A Server Was Not Protected with a Password, and Millions of Banking Documents Were Leaked
Another day, another exposed trove of sensitive data. The database was discovered on January 10 by security researcher Bob Diachenko. It had 24 million records weighing in at over 51GB, and as soon as Diachenko saw what these records contained, he knew that he must act quickly.
The text had apparently been generated by an OCR solution. OCR stands for Optical Character Recognition, a piece of technology that is used to convert handwritten or printed documents into machine-readable text. In this particular instance, the OCR software had scanned mortgage and credit reports.
Because each record contained different parts of different documents, it's difficult to estimate the exact number of affected individuals. It's fair to say, however, that a lot of extremely sensitive information was left out in the open. The database contained names, addresses, phone numbers, credit history, Social Security numbers, etc. As Diachenko himself puts it, the database was "a gold mine for cyber criminals who would have everything they need to steal identities, file false tax returns, get loans or credit cards".
Who exposed the data?
It wasn't immediately apparent who the database belonged to which is why Diachenko called Zack Whittaker from TechCrunch and asked for some help with the investigation. After a closer look, they found out that the documents date as far back as 2008 and were issued by several major financial institutions including Wells Fargo, CapitalOne, HSBC as well as a couple of US federal departments.
Some more poking around later, they concluded that the information had been collected by Ascension – a Texas-based business that provides data analytics services to banks. Whittaker got in touch with Sandy Campbell, a representative of Ascension's parent company, who said that yes, the database did belong to the analytics business, but no, their systems hadn't been compromised.
Apparently, a vendor hired by Ascension made the blunder. Although Campbell refused to name the said vendor, Zack Whittaker believes it's New York-based OpticsML. Considering the fact that according to an archived version of its website (the live one is down for some reason), OpticsML offers OCR services "to some of the largest companies in the Mortgage space", the scenario doesn't seem very unlikely. That said, nobody has officially confirmed the information.
The good news is that, after Citigroup, one of the financial institutions whose clients were affected, intervened, the database was taken down, and it has been inaccessible since January 15.
How was the data exposed?
Bob Diachenko didn't use a clever code injection, password brute-forcing or any other type of hacking technique.

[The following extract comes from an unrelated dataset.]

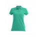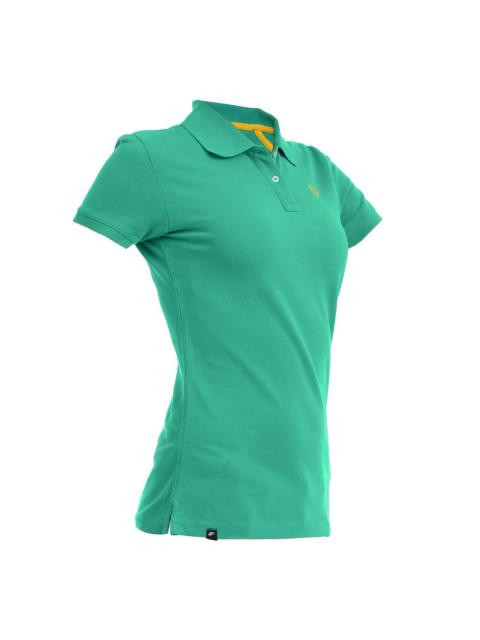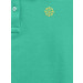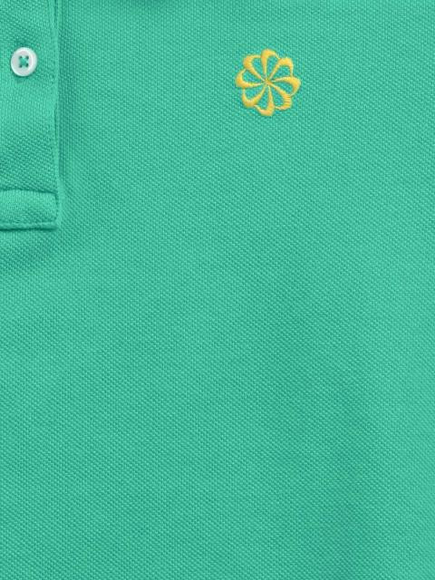 Green polo T-shirt, has a ribbed cutaway collar, embroidered yellow floral detail on the left chest, two button placket, short sleeves with ribbed cuffs and a vented hemline where the back hemline is longer than the front

Instead, he discovered it with the help of publicly available search engines like Shodan and Censys, and when he got to it, there was no password to prevent him from looking at it, downloading it, or possibly abusing it.

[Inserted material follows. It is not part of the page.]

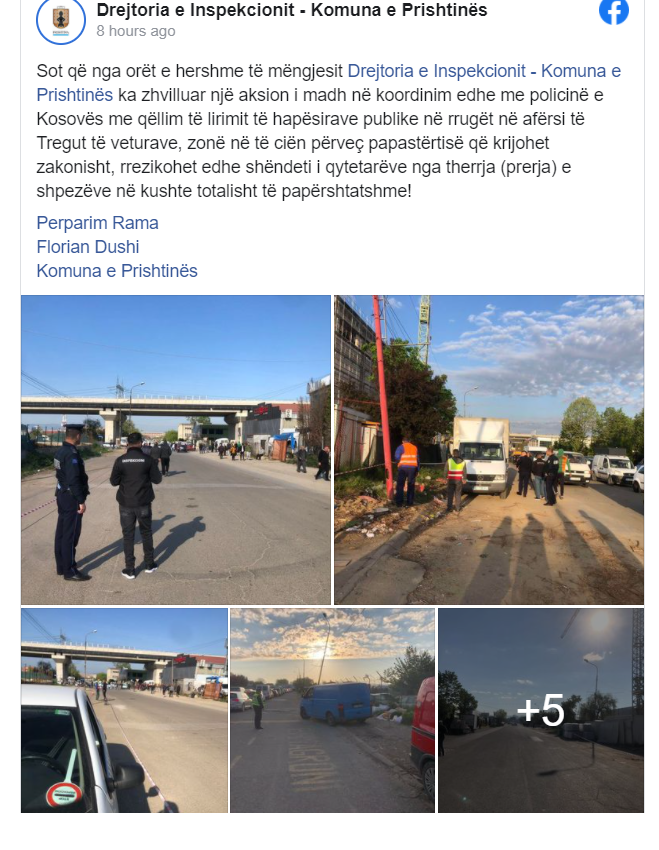 Drejtoria e Inspekcionit- Komuna e Prishtinës ka bërë të ditur se sot që nga orët e hershme të mëngjesit ka zhvilluar një aksion të madh në koordinim me Policinë e Kosovës me qëllim të lirimit të hapësirave publike në rrugët në afërsi të Tregut të veturave.

The data was left on an ElasticSearch cluster and was facing the internet without any form of protection whatsoever. It was accessible to anyone willing to lo ok for it, and finding it was as difficult as entering a query in a search engine.
It's the latest in a very long line of data leaks that happens not because hackers are too smart or because software is too weak, but because vendors make simple and completely avoidable configuration errors when securing people's information. It actually comes just days after another unsecured ElasticSearch server exposed all sorts of sensitive data that belongs to users of several online casinos.
Vendors must really pick up their game when it comes to keeping people safe. They have the tools needed to avoid at least some of the data-exposing incidents, and they have no excuses for not using them.